To solve the given problems, let's break them down step by step.
1.1.1 The perpendicular height, \( AB \), of the cone using Pythagoras.
Given:
- From \( A \) to \( C \) is \( 6.5 , \text{m} \) (slant height of the cone).
- From \( B \) to \( C \) is \( 2.5 , \text{m} \) (radius of the cone which is also the radius of the cylinder since they have equal radii).
Using Pythagoras' theorem in triangle \( ABC \):
\[ AC^2 = AB^2 + BC^2 \]
Substituting the known values:
\[ (6.5)^2 = AB^2 + (2.5)^2 \]
Calculating the squares:
\[ 42.25 = AB^2 + 6.25 \]
Now, subtract \( 6.25 \) from both sides:
\[ AB^2 = 42.25 - 6.25 \]
\[ AB^2 = 36 \]
Taking the square root to find \( AB \):
\[ AB = 6 , \text{m} \]
1.1.2 The height of the cylinder, if the volume of the cylinder is \( 157.08 , \text{m}^3 \).
The volume of the cylinder is given by the formula:
\[ V = \pi r^2 h \]
We need to find the height \( h \) of the cylinder.
First, let's find the radius \( r \).

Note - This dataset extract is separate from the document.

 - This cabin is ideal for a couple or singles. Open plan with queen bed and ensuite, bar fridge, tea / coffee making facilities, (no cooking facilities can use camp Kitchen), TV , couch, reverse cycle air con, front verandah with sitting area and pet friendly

As given, \( BC = 2.5 , \text{m} \), thus:
\[ r = 2.5 , \text{m} \]
Now we plug in the volume and the radius into the cylinder volume formula:
\[ 157.08 = \pi (2.5)^2 h \]
Calculating \( (2.5)^2 \):
\[ 157.08 = \pi (6.25) h \]
Now solving for \( h \):
\[ h = \frac{157.08}{\pi \times 6.25} \]
Using \( \pi \approx 3.14159 \):
\[ h \approx \frac{157.08}{3.14159 \times 6.25} \]
Calculating the denominator:
\[ 3.14159 \times 6.25 \approx 19.6349375 \]
Thus,
\[ h \approx \frac{157.08}{19.6349375} \approx 8.0 , \text{m} \]

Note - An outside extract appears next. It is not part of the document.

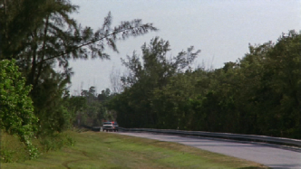 Michael gets to the rendezvous point but Fiona is not there. The exterior arrival shots were filmed on Virginia Key at the end of Arthur Lamb Jr. Road. Just outside the central waste water treatment plant. The shots of the inside of the truck were filmed somewhere else, likely in Hialeah, location unknown.

1.1.3 The total volume of the silo.
The total volume of the silo is the sum of the volume of the cone and the volume of the cylinder. We already have the volume of the cylinder, and we can find the volume of the cone using its formula.
The volume of the cone is given by:
\[ V_{cone} = \frac{1}{3} \pi r^2 h \]
Where:
- \( r = 2.5 , \text{m} \)
- \( h = AB = 6 , \text{m} \)
Calculating the volume of the cone:
\[ V_{cone} = \frac{1}{3} \pi (2.5)^2 (6) \]

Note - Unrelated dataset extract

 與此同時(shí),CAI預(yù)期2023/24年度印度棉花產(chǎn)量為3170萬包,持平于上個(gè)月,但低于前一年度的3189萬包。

Calculating \( (2.5)^2 \):
\[ V_{cone} = \frac{1}{3} \pi (6.25) (6) = \frac{1}{3} \pi (37.5) \]
Now calculating:
\[ V_{cone} = \frac{37.5 \pi}{3} \approx 12.5 \pi \approx 39.27 , \text{m}^3 \]
Now we sum the volumes:
\[ V_{total} = V_{cylinder} + V_{cone} \]
Given \( V_{cylinder} = 157.08 , \text{m}^3 \):
\[ V_{total} \approx 157.08 + 39.27 \approx 196.35 , \text{m}^3 \]
Final Answers
1.1.1 The perpendicular height, \( AB \), of the cone is \( 6 , \text{m} \). 1.1.2 The height of the cylinder is approximately \( 8 , \text{m} \). 1.1.3 The total volume of the silo is approximately \( 196.35 , \text{m}^3 \).